Publishers must maintain clean, reliable metadata for their content, including about authors, institution, license types, and citations.

Roy KaufmanDuncan HunterThroughout March, CCC is delivering a series of virtual programming planned for London Book Fair presentations. For a complete schedule, please visit copyright.com/lbf2020

This is a podcast edition for “Get Fit for Licensing: Healthy Metadata and the EU Copyright Directive,” originally scheduled for the second day of London Book Fair 2020.

Over the next two years, EU member states are required to adopt The Directive on Copyright in the Digital Single Market, which passed in 2019. Importantly for scholarly publishers – whether based in the EU or not – this directive provides a clear and explicit formulation of the legal status of copying materials for text and data mining (TDM) and other types of information extraction.

While a narrow, non-commercial exception for scientific research does exist, the Directive leaves in place critical protections around licensing.
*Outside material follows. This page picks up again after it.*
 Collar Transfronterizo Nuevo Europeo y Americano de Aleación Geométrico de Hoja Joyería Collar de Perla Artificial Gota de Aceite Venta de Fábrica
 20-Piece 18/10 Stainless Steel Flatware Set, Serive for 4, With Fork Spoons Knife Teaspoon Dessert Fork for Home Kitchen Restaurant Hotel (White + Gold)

To capitalize on any opportunities, publishers must maintain clean, reliable metadata for their content, including about authors, institution, license types, and citations.

“I’m a real believer in having infrastructure and standards that kind of enable better and quicker, more effective uses and reuses of content,” says Duncan Campbell, Senior Director, Global Sales Partnerships, John Wiley & Sons.
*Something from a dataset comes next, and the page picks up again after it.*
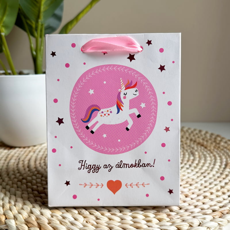 Válaszd az unikornisos ajándéktasakot szülinapi ajándék, névnapi ajándék, vagy ballagási ajándék csomagolására. Add ajándékba a testvérednek, az édesanyádnak, vagy a legjobb barátnődnek.

“I think that metadata is a crucial component of that,” he explains. :One of the crucial aspects of this is how to identify articles, how to identify versions of articles and the sharing rules that apply to those articles.

“And so it’s really important for us, as an industry, to be tagging articles with things like which article version of it, is it an author manuscript, it is accepted, is it the version of record,” Campbell tells CCC’s Chris Kenneally. “Also, what license applies to that piece of content, so it can be understood whether it can be used and reused.”

Duncan Campbell is Senior Director, Global Sales Partnerships at John Wiley & Sons, where he is responsible for licensing, agent relations and copyright & permissions for Wiley’s academic journal and database content. In addition, he is also engaged in developing Wiley’s strategies and policies in areas such as government affairs, content sharing/syndication and text & data mining.